(MATERIAL PROVIDED):
>>>
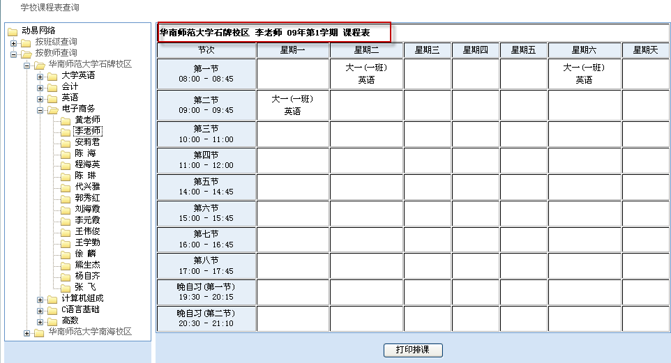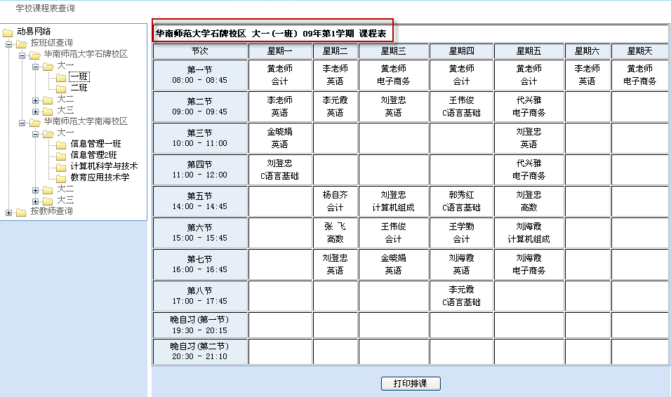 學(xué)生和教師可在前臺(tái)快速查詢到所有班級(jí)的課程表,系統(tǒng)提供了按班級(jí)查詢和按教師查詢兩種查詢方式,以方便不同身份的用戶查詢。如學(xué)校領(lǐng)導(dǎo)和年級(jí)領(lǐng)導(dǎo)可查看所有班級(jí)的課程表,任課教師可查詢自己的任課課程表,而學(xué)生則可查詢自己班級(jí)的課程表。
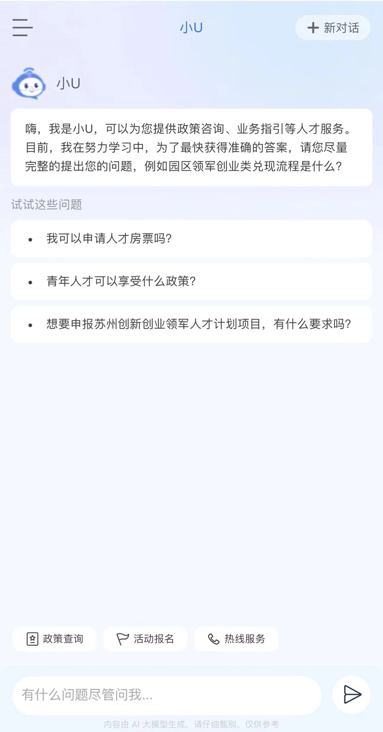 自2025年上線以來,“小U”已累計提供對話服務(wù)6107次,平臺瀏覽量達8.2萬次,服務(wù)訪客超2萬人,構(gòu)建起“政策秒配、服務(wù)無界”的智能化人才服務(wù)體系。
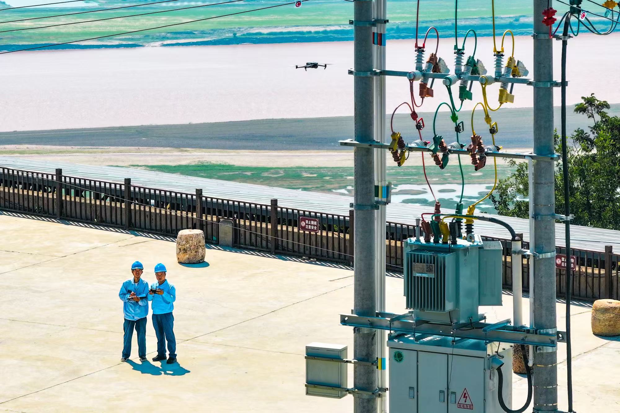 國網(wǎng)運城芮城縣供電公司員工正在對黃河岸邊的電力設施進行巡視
<<<
(ASSIGNMENT):
Give the data above again, exactly and completely. No pictures go in.

(RESPONSE AREA):
 學(xué)生和教師可在前臺(tái)快速查詢到所有班級(jí)的課程表,系統(tǒng)提供了按班級(jí)查詢和按教師查詢兩種查詢方式,以方便不同身份的用戶查詢。如學(xué)校領(lǐng)導(dǎo)和年級(jí)領(lǐng)導(dǎo)可查看所有班級(jí)的課程表,任課教師可查詢自己的任課課程表,而學(xué)生則可查詢自己班級(jí)的課程表。
 自2025年上線以來,“小U”已累計提供對話服務(wù)6107次,平臺瀏覽量達8.2萬次,服務(wù)訪客超2萬人,構(gòu)建起“政策秒配、服務(wù)無界”的智能化人才服務(wù)體系。
 國網(wǎng)運城芮城縣供電公司員工正在對黃河岸邊的電力設施進行巡視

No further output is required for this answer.